▸ **Data shown**
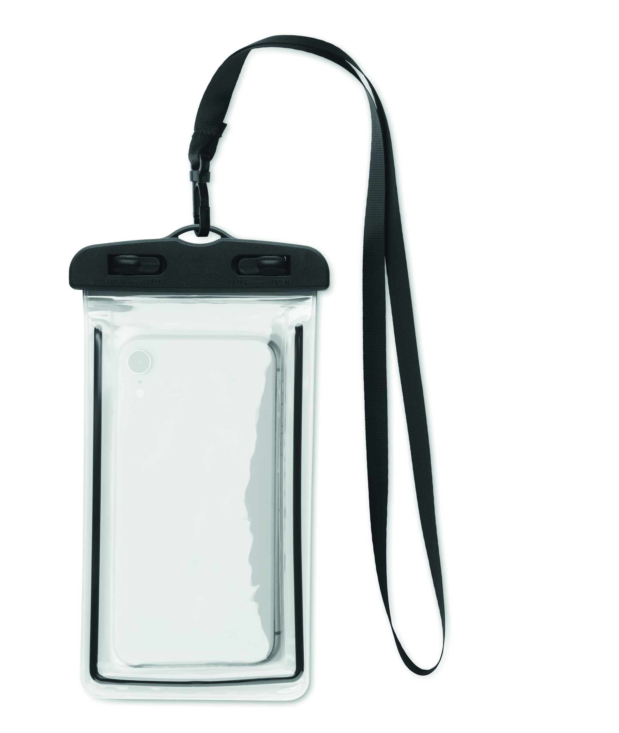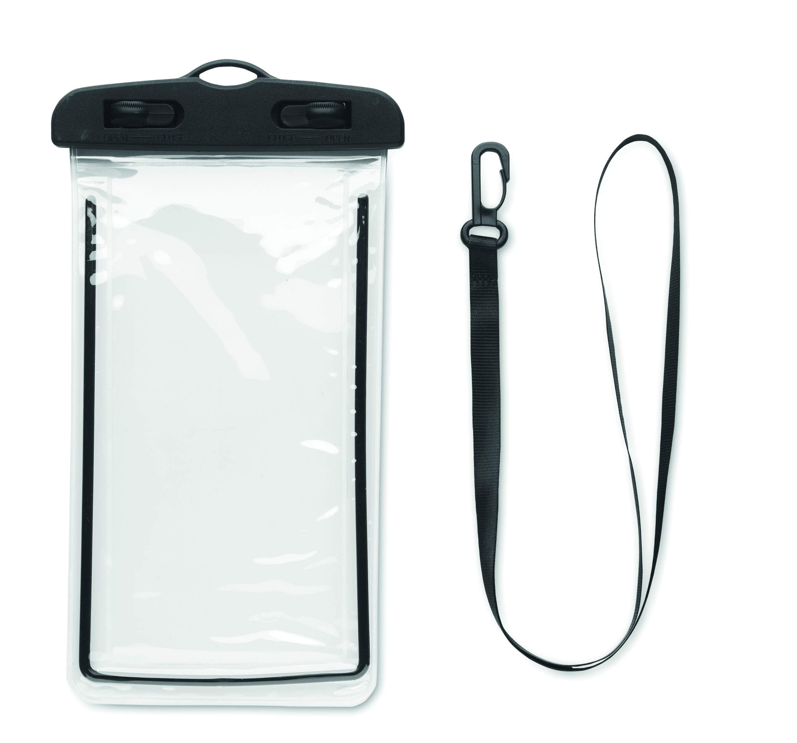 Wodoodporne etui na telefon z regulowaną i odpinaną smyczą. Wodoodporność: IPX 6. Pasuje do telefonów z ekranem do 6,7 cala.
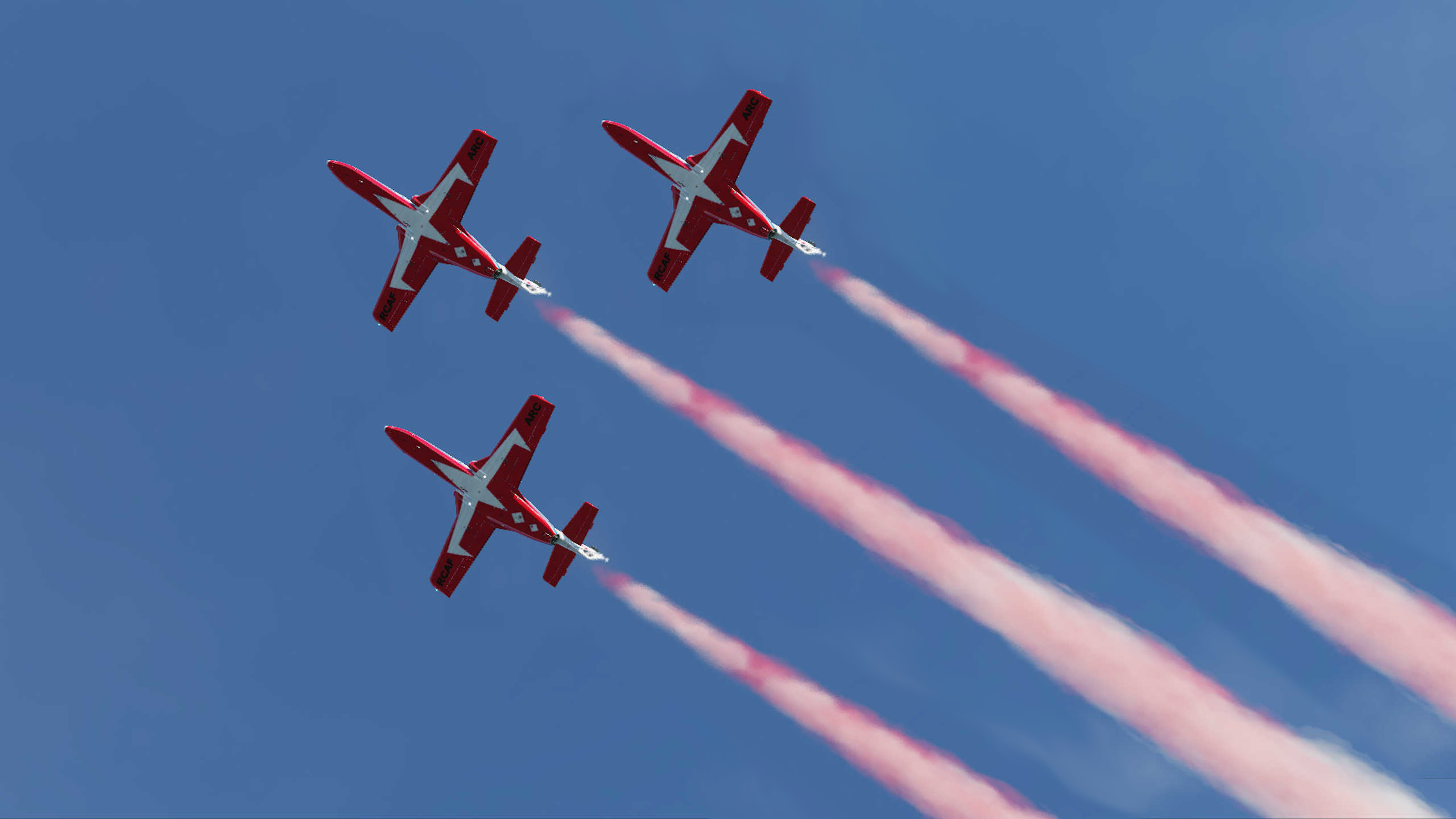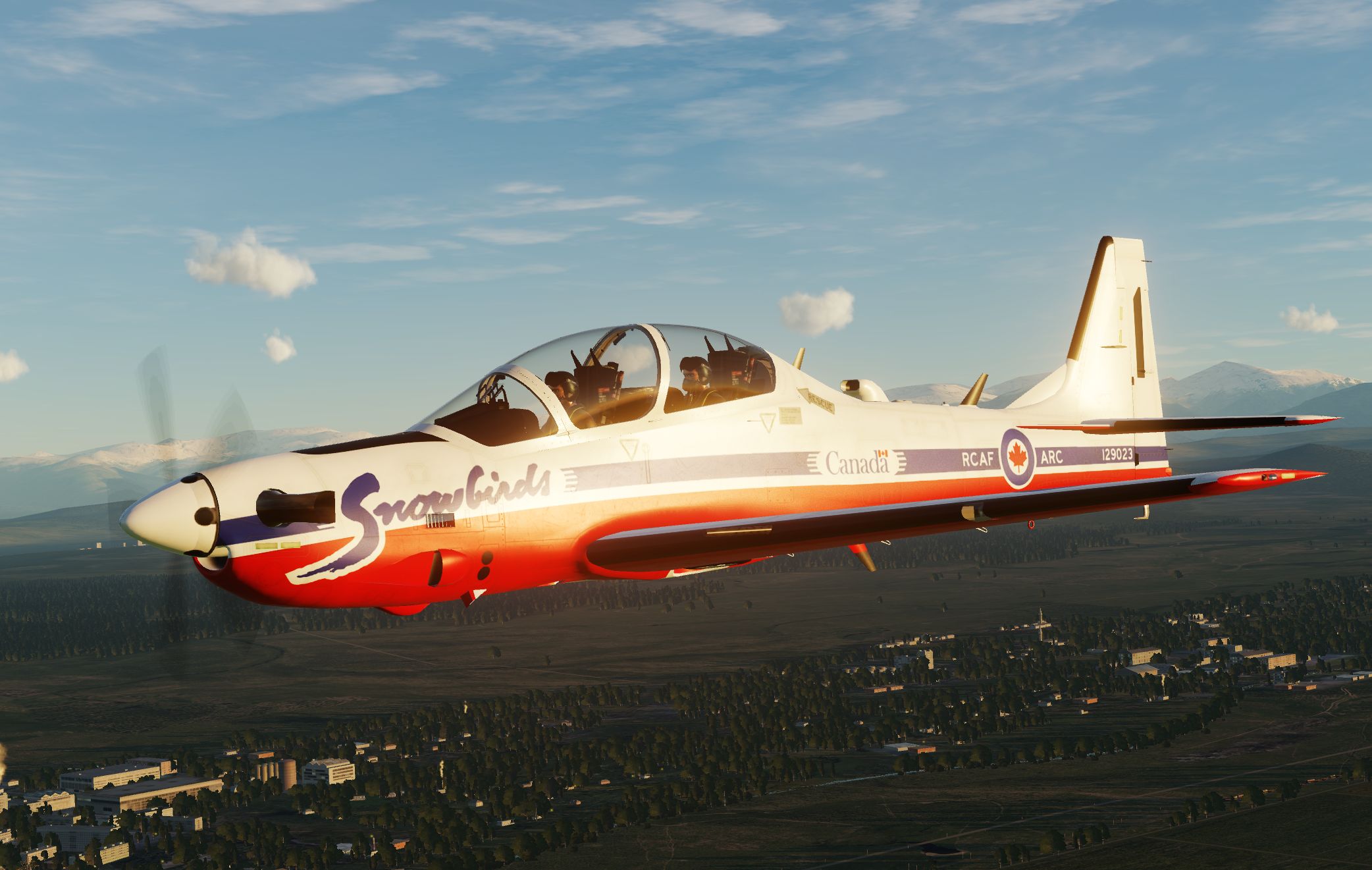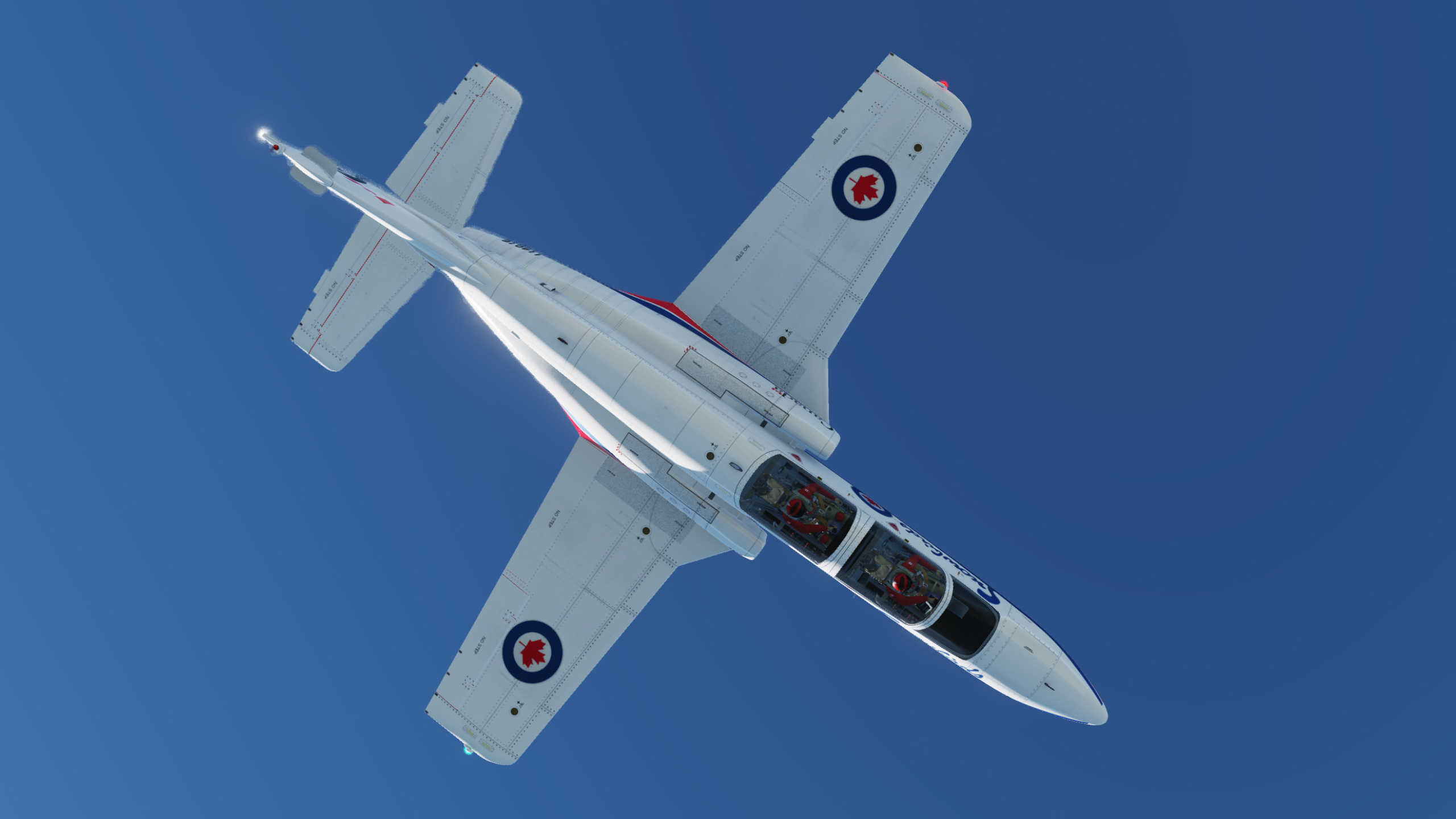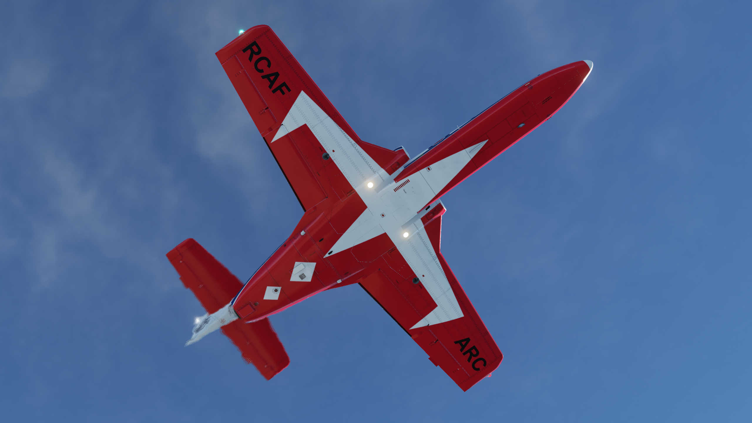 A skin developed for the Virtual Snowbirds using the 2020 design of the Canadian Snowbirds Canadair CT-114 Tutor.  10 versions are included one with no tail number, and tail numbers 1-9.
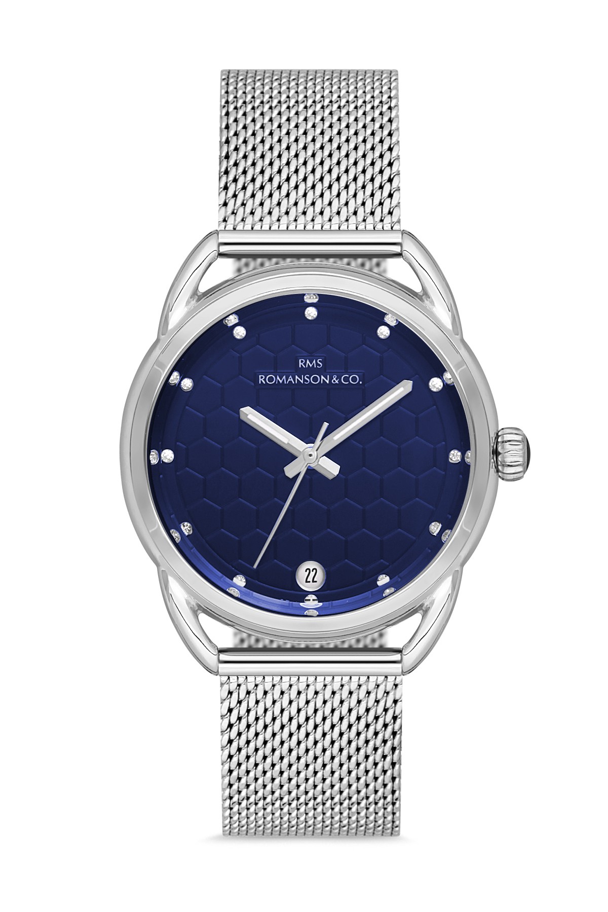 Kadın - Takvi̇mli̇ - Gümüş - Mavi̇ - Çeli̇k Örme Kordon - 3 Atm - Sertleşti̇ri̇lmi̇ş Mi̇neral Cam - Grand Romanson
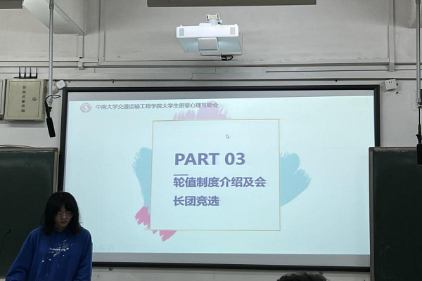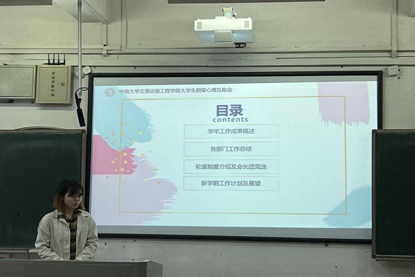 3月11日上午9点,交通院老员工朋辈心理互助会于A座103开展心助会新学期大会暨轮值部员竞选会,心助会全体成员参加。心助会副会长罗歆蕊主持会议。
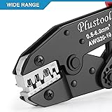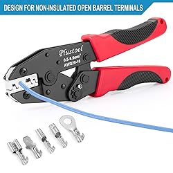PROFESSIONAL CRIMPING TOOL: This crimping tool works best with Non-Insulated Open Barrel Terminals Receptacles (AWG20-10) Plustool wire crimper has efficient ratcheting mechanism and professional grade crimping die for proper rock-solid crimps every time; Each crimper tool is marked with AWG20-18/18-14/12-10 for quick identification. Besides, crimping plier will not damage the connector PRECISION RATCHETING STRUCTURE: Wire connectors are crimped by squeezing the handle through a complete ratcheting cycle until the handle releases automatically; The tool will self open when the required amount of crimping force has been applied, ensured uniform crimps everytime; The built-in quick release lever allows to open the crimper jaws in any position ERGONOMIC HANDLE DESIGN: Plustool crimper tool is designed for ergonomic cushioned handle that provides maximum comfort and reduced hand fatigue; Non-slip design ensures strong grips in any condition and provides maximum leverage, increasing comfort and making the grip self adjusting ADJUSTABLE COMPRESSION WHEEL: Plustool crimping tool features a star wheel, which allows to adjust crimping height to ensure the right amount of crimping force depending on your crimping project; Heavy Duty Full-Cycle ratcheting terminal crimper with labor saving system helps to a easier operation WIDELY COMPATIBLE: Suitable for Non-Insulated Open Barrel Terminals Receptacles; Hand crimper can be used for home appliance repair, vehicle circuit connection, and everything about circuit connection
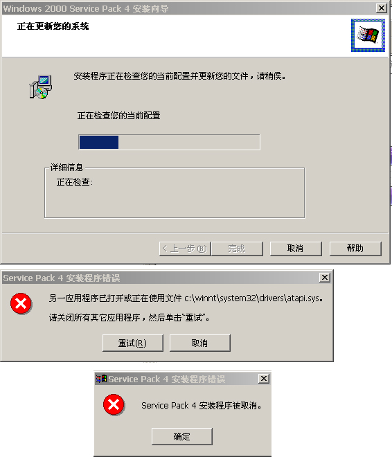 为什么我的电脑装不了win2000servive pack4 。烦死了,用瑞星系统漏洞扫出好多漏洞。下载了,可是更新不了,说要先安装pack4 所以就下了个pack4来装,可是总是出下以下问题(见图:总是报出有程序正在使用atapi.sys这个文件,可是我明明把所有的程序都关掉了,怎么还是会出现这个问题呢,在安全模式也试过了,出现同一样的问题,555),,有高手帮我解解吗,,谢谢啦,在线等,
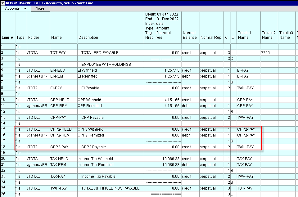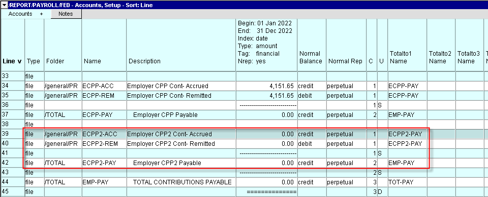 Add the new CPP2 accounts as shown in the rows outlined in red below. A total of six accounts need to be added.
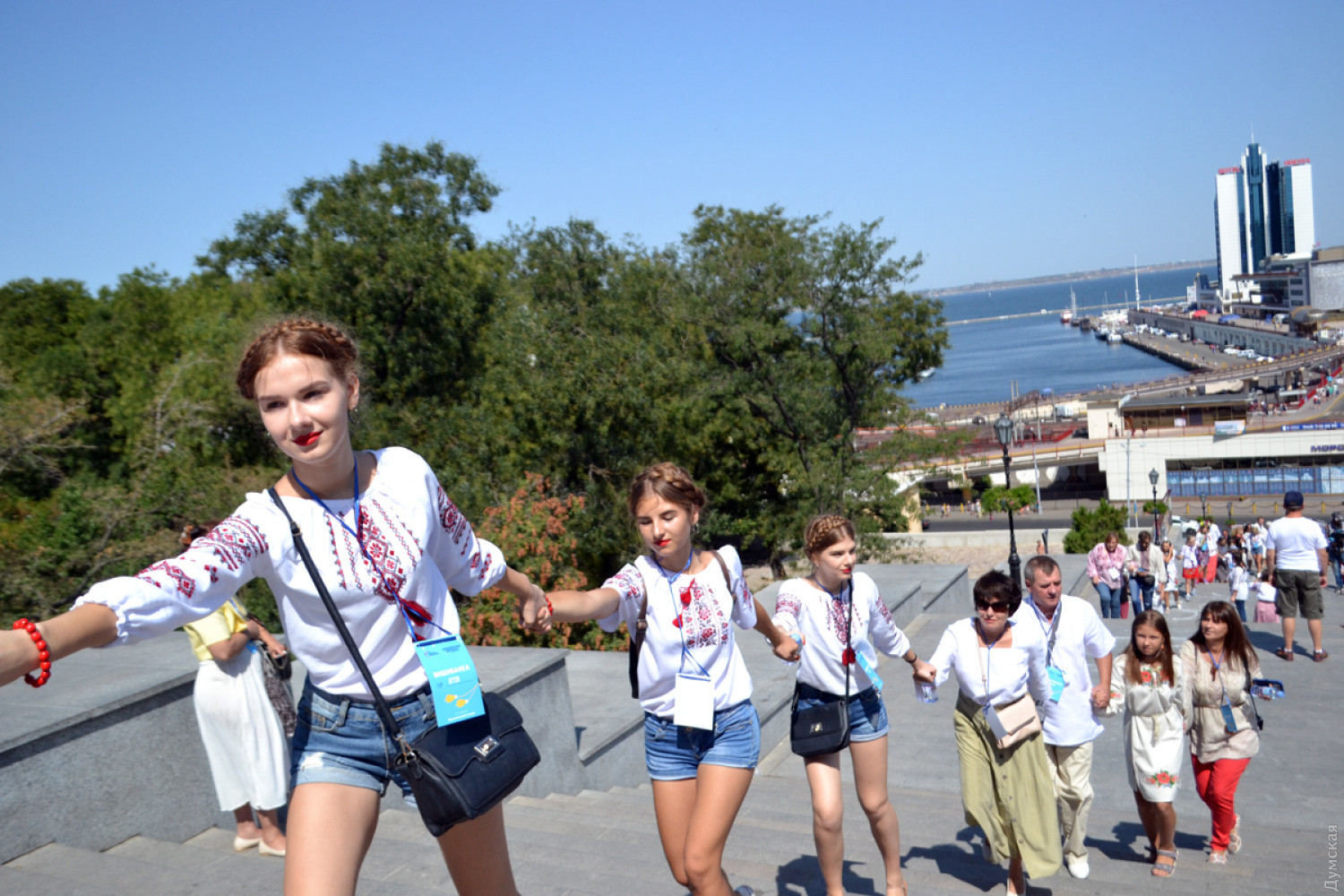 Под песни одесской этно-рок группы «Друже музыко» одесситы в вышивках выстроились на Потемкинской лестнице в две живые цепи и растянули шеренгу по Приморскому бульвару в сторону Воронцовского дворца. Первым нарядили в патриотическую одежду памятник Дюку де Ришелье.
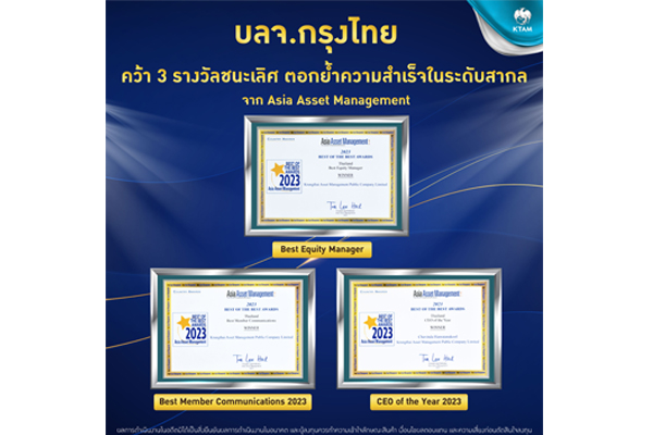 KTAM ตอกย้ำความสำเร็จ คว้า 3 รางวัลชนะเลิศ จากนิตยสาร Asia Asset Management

▸ **Problem requirements**
Reproduce only the lines running from the beginning of the entries above to the line holding "3月11日上午9点,交通院老", inclusive. Pictures stay out of the copy.

▸ **Exercise result**
 Wodoodporne etui na telefon z regulowaną i odpinaną smyczą. Wodoodporność: IPX 6. Pasuje do telefonów z ekranem do 6,7 cala.
 A skin developed for the Virtual Snowbirds using the 2020 design of the Canadian Snowbirds Canadair CT-114 Tutor.  10 versions are included one with no tail number, and tail numbers 1-9.
 Kadın - Takvi̇mli̇ - Gümüş - Mavi̇ - Çeli̇k Örme Kordon - 3 Atm - Sertleşti̇ri̇lmi̇ş Mi̇neral Cam - Grand Romanson
 3月11日上午9点,交通院老员工朋辈心理互助会于A座103开展心助会新学期大会暨轮值部员竞选会,心助会全体成员参加。心助会副会长罗歆蕊主持会议。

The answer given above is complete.